Over the years, I’ve experienced some pretty outrageous patient behaviour. Patients who’ve pinched practice-headed notepaper, fabricated illness and doctored sick notes. A patient who chose to consult with me because, in her words: ‘You’re a bit less crap than all the rest’.

Patients who’ve deposited unwanted pets in our waiting room (specifically, a dog and a pink gourami). A patient who secured a day duty slot for emergency contraception because she’d had an unprotected shag on a bench outside the health centre five minutes previously. And patients who have deposited a turd (probably human) on the doctors’ staircase, scrawled ‘F**k you nob-head’ above the main entrance and urinated (caught on camera) on my car, though, admittedly, not all on the same day.

But all that counts for nothing on the ‘sheer audacity’ scale compared to what I have just discovered. Which is that certain patients – and we now have three separate corroborated cases – are booking appointments for themselves a month ahead. So what? So this: these patients, by their own admission, are not ill or needing a doctor in any way, but are so aware of the difficulty in booking appointments that they are doing this on a ‘just in case’ basis.

This is the appointment equivalent of panic buying. And it has the same effect, with these contingency consultations (or, if you will, contingultations) serving only to exacerbate the problem they try to circumvent.

Yes, it’s incredible, but I’m not making it up. And what happens if these patients remain perfectly well by the time their appointment comes around? Apparently, they offer it to friends or family. Or maybe, who knows, they try to flog it on e-Bay.

What next? Maybe the cognitively-sound but appointment-savvy will start asking for referral to the memory clinic on the basis that by the time they get a slot, they probably will be dementing.
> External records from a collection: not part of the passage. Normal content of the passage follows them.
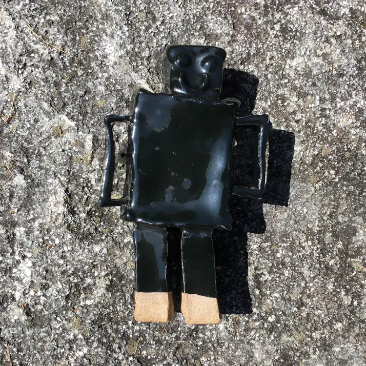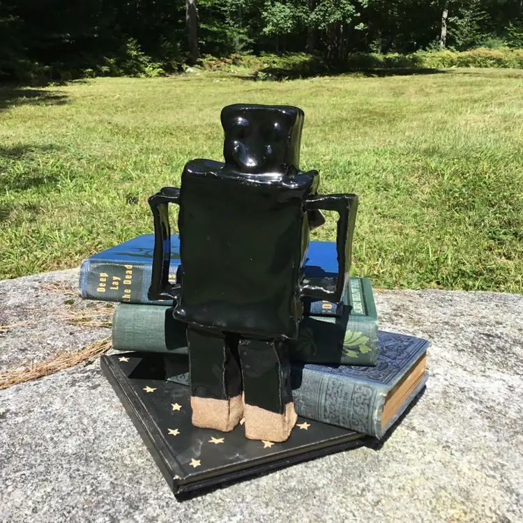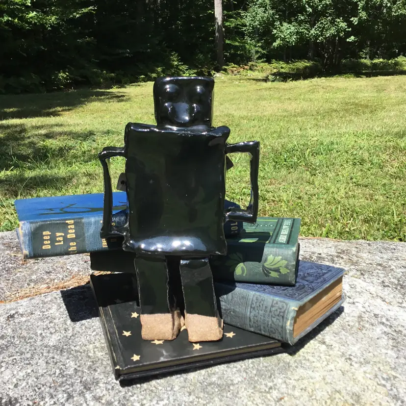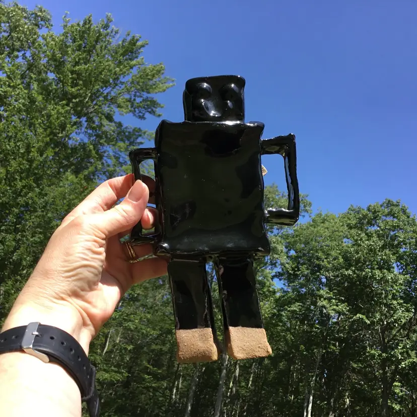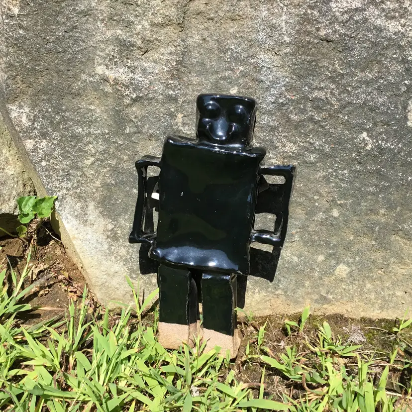 This is for a fantastically fun handmade studio art pottery figurine of a robot. Probably a student piece. It has a shiny black glaze other than the bottom of its two legs which are not glazed. This wonderful robot appears to have its kiln stilt attached onto its backside. Not sure if it was done on purpose or if it happened by chance during the kiln process? Due to this he does stand but is NOT steady on his feet and may need to be propped up by something in order to not fall over if bumped. There is pockets of space in spots between the robot itself & the kiln stilt where some type of hanging wire or something of the sort could be used to possibly hang if so choose although, keep in mind he is a little hefty in weight weighing 2 pounds 5 ounces on its own. Will not come with any type of hanging hardware.
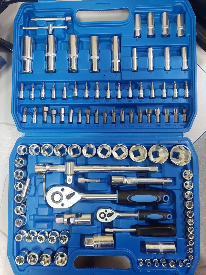 Набір автомобільних інструментів New Tools на 108 предметів — це готове рішення для більшості ремонтних та сервісних робіт. Модель відрізняється продуманою комплектацією: тут є торцеві головки різних розмірів, накидні та рожкові ключі, викрутки, пасатижі та інші необхідні інструменти в міцному кейсі. Саме цей набір має відмінний зовнішній вигляд, без видимих слідів інтенсивного використання, корпус кейсу та самі інструменти не мають пошкоджень. Комплектація повна, всі інструменти на місці. Це надійний і готовий до роботи комплект для домашнього гаражу або професійного використання.
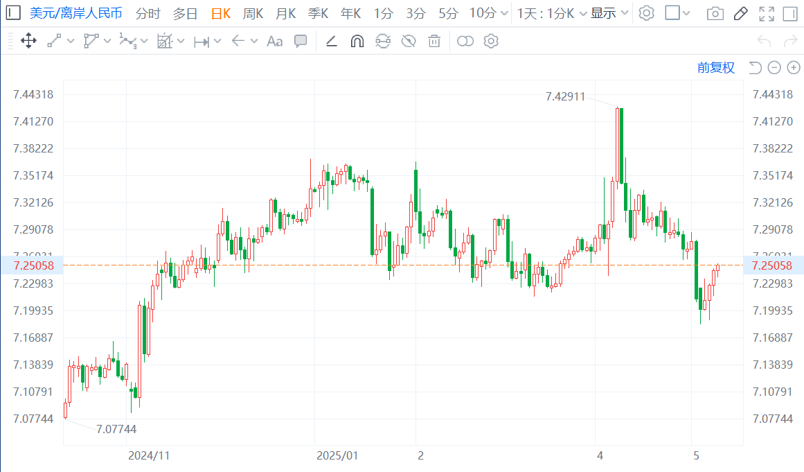 格隆汇5月9日|离岸人民币兑美元跌穿7.25关口,日内跌约100点。
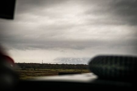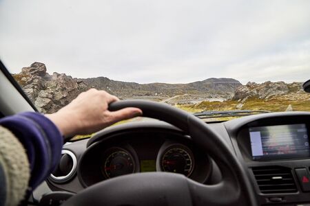 View from car window on the road and pity strange landscape with a mountains, rocks and cloudy sky and hand of woman. Landscape through windscreen in Norway.
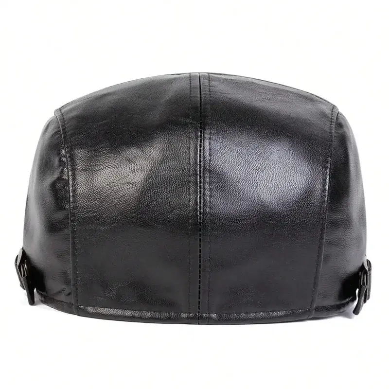 Men Solid Color Pu Leather Newsboy Caps British Painters Hats Spring Autumn Side Adjustable Flat Cap Hip Hop Berets
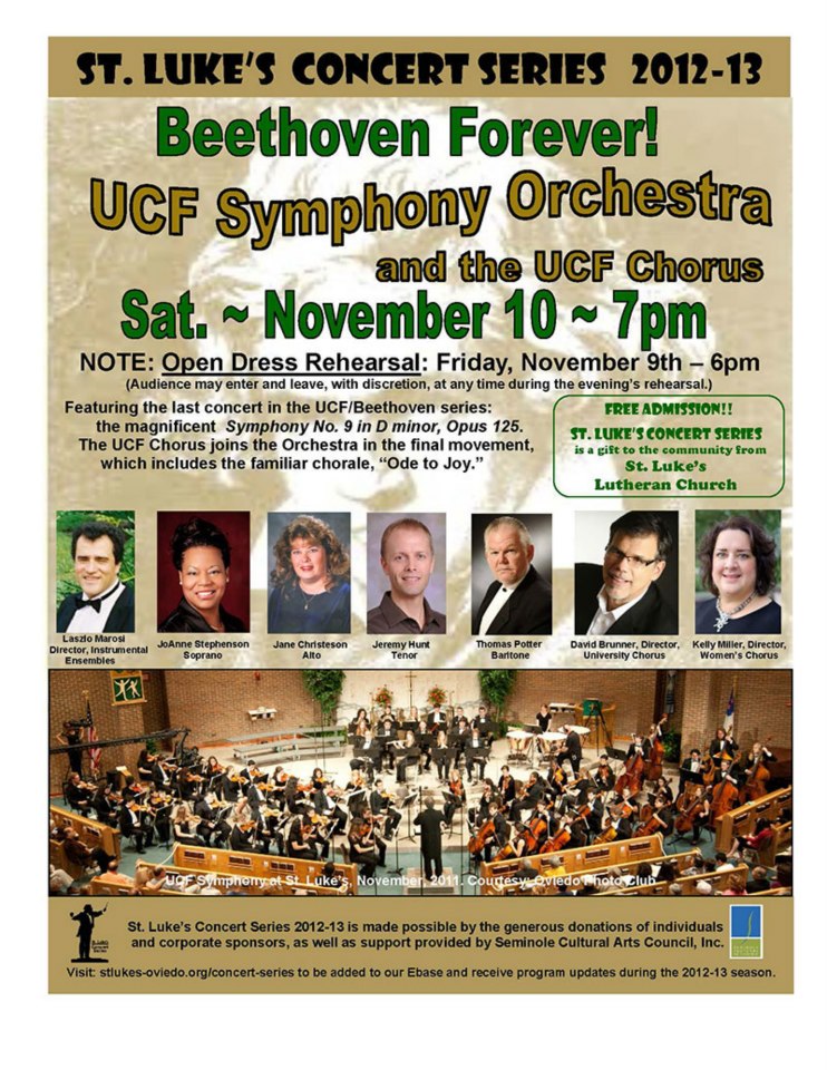Symphony Orchestra concert of Symphony Nr. 9 of L. v Beethoven, in the Resurrection Catholic Church. 1211 Winter Garden Vineland Rd., Winter Garden
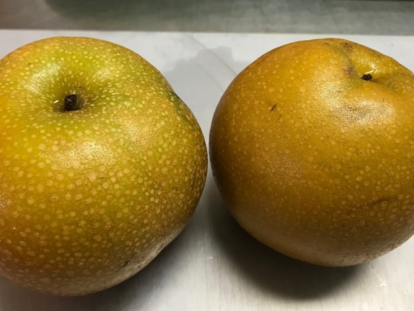 今日のおやつは季節物の梨です。
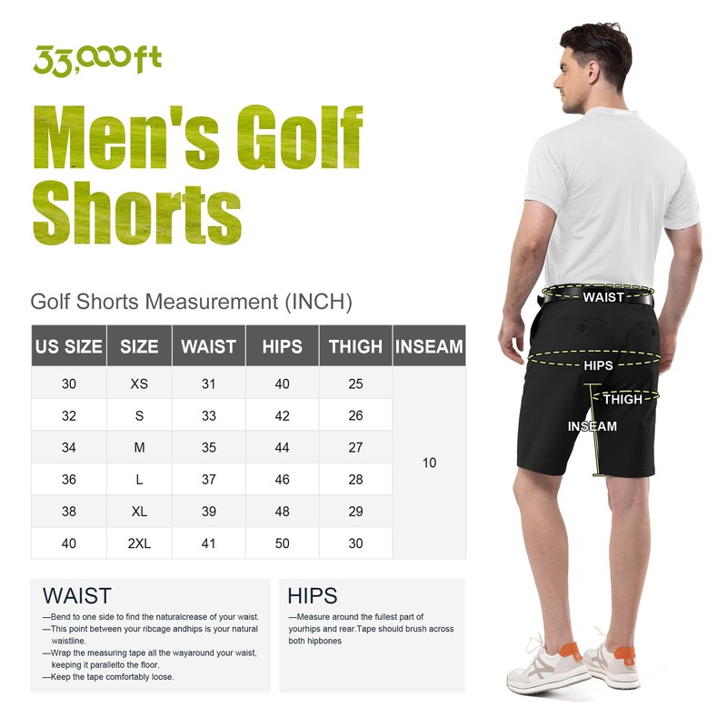 - Classic-Fit: 33,000ft Classic-Fit golf shorts mens features adjustable waistband and 4-way stretch fabric providing greater comfort and flexibility when you’re taking your swing or bending over to pick up your ball.
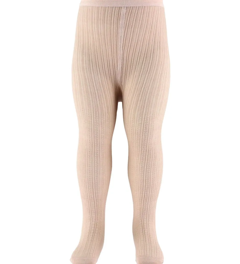 Dejlige MP strømpebukser i ensfarvet støvet rosa, med et flot hulmønster. I taljen er der en smal blondekant.
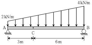 그림과 같은 분포하중을 받는 단순보에서 C점에서 발생하는 휨모멘트의 크기[kNㆍm]는? (단, 보의 자중은 무시한다)
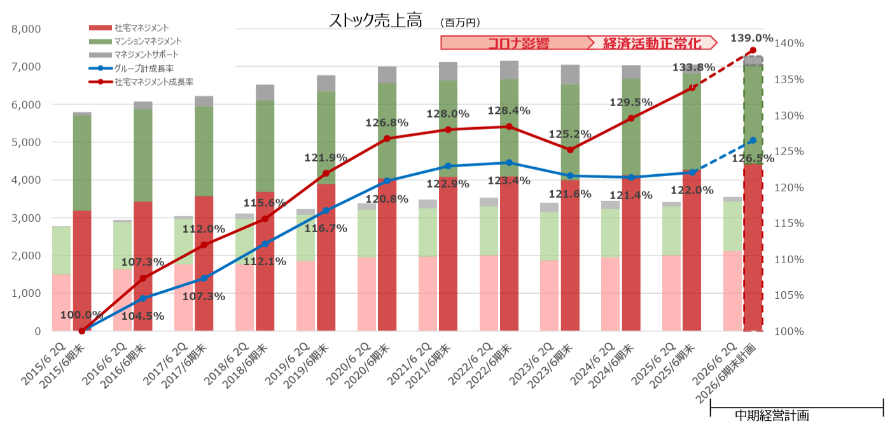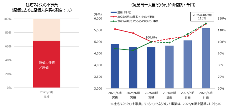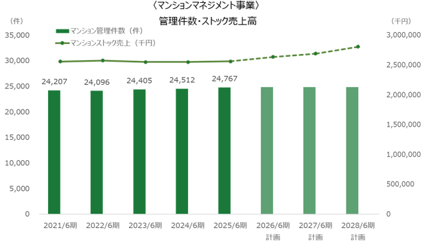 外部環境は年々厳しさを増している。最低賃金の上昇により、管理員や清掃員などのスタッフの人件費は年々上昇。また、工事費も上昇し、管理組合の支出は増加の一方である。住民の高齢化は進み、対処できない組合が自主管理へ移行する例も増えている。国土交通省の調査(「分譲マンションストック数の推移(2024(令和6)年末現在)」)によれば、2024年末のマンションストック総数は約713.1万戸と、潜在的な市場は大きいが、こうした環境下、後述するように同社では管理戸数の増大ではなく収益性の向上を目標としている。

Frankly, I don’t know whether to view this behaviour as shameless and reprehensible manipulation of the system or an ingenious proactive solution to a genuine crisis of GP provision. At least, if it makes them happy, they might stop pissing on my car.

Dr Tony Copperfield is a GP in Essex. Read more of Copperfield’s blogs at http://www.pulsetoday.co.uk/views/copperfield


          

READERS' COMMENTS [4]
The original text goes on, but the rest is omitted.